→ **EXERCISE BRIEF**:
Check every line of the data for the word "Kenya", and copy those that have it.

→ **EXERCISE INPUT**:
----------------
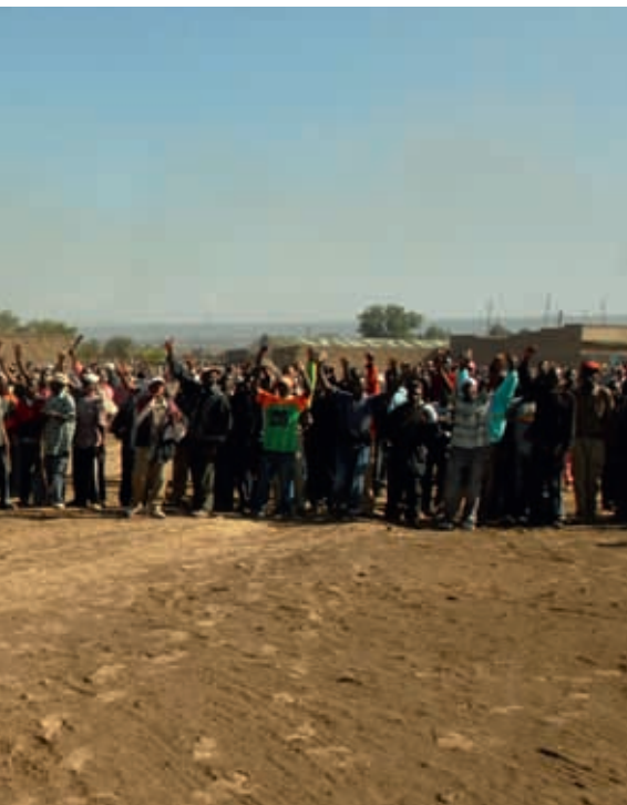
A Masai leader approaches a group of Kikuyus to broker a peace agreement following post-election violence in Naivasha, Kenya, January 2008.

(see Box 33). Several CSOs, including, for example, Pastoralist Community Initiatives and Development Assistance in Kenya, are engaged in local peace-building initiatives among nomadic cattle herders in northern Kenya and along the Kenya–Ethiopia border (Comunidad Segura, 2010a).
----------------
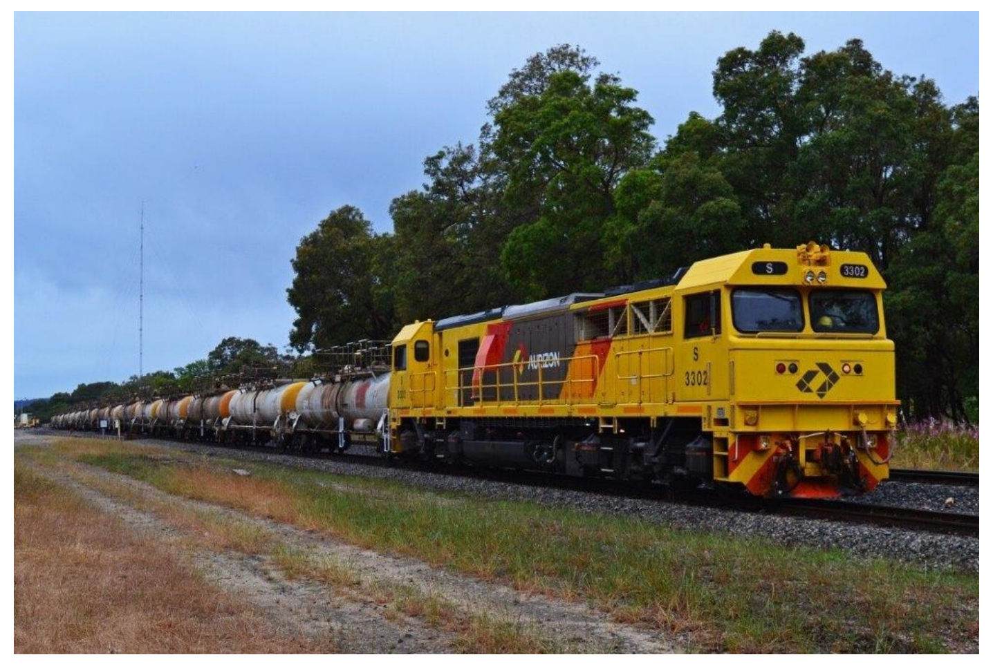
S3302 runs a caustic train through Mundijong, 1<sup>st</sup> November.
----------------
→ **OUTPUT FOR THIS EXERCISE**:
A Masai leader approaches a group of Kikuyus to broker a peace agreement following post-election violence in Naivasha, Kenya, January 2008.
(see Box 33). Several CSOs, including, for example, Pastoralist Community Initiatives and Development Assistance in Kenya, are engaged in local peace-building initiatives among nomadic cattle herders in northern Kenya and along the Kenya–Ethiopia border (Comunidad Segura, 2010a).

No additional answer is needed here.